June 22nd, 2008
Saudi Arabia, the world’s biggest oil exporter, plans to raise production for a third-straight month in July and make further increases as needed to curb record prices.
This is a great news for the whole world. The more production, the lesser the cost. Saudi should lift up their production so that it will bring back to normal. I don’t know the reason behind a low production of oil.
All I know is that the demand and consumption have increase that the supply cannot produce what the world needs.
June 19th, 2008
China, one of the second oil consumer nation, seen unexpectedly petrol and diesel prices by at least 17 per cent and more power tariffs trains action energy, potentially at the origin of inflation.
The record price increase, the first since November, may facilitate the loss of refining in China Petroleum & Chemical Corp. and China Petrochemical Co. were forced to sell at a loss fuels. The company has increased shares in Hong Kong on trade.
June 19th, 2008
It’s really devastating for me not to drive most of the time anymore. I am saving money from gasoline and I can’t do what I am doing before. I would rather stay home because of the soaring prices of gas.

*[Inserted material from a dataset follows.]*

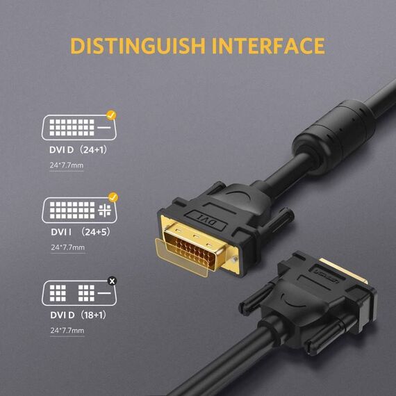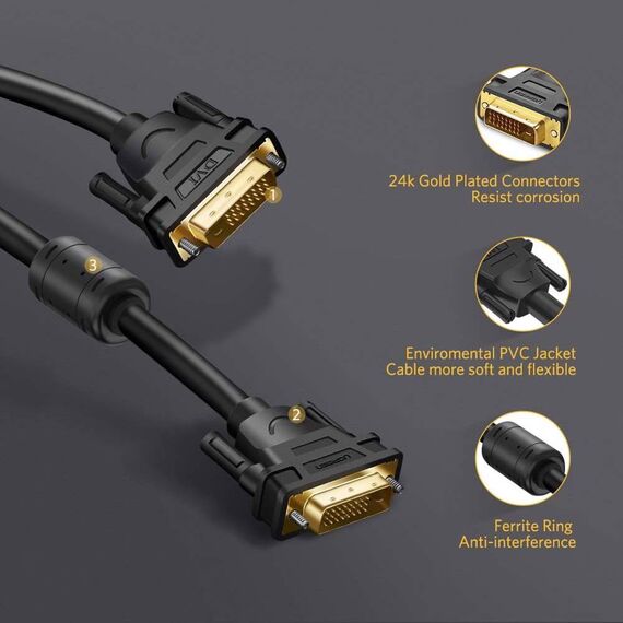 DVI კაბელი UGREEN DV101 (11607), DVI 24+1 Male To Male, 3m, Black

Hopefully they will give solutions. Hopefully they will produce more oil and our country will find a way to find an alternative for oil. Will there any be chance?
June 16th, 2008
Could turning on the oil spigot put an end to the huge run in the price of oil? Don’t bet on it.
Oil-producing countries are already pumping at full throttle, and there isn’t a lot of spare production capacity that could meaningfully affect global prices.
Over the weekend, Saudi Arabia said it will boost its oil output by 200,000 barrels a day. Despite the promise of more supply, the price of oil spiked higher Monday morning.
The main reason: The added supply won’t be very great, and demand, especially from China and India, has shown little sign of slowing.
June 10th, 2008
Crude-oil futures climbed Tuesday to reclaim the $135-a-barrel level, rebounding after a steep decline in the previous session as traders weighed concerns about global production against expectations for a slowdown in demand.
“The familiar divide — higher on supply worries, lower on demand concerns — is setting the tone again,” said Michael Fitzpatrick, an analyst at MF Global, in a note to clients.
Crude oil for July delivery climbed as high as $137.98 a barrel in electronic trading on Globex. It’s pulled back a bit to trade at $135.34, up 99 cents on the New York Mercantile Exchange.
The secretary general of the Organization of the Petroleum Exporting Countries, Abdalla Salem el-Badri, told Reuters Tuesday at the Reuters Global Energy Summit that the record-high oil price was “unbearable” and “there is no shortage now and in the future.”
June 9th, 2008
U.S. investment bank Lehman Brothers Holdings (LEH.N: Quote, Profile, Research) raised $6 billion (3 billion pounds) to shore up capital and warned of a much steeper than expected quarterly loss, rattling investors, just as a rival completed a record fund-raising.
Lehman said it expects a loss of $2.8 billion for its second quarter after losses on trading and hedging. It plans to rebuild capital by offering shares and convertible preferred stock through public offerings, diluting the stakes of existing shareholders.
Shares in Wall Street’s smallest major investment bank tumbled nearly 13 percent, hitting a new intraday low since their plunge in mid-March on the day JPMorgan Chase & Co (JPM.N: Quote, Profile, Research) announced plans for an emergency rescue of Bear Stearns Cos Inc.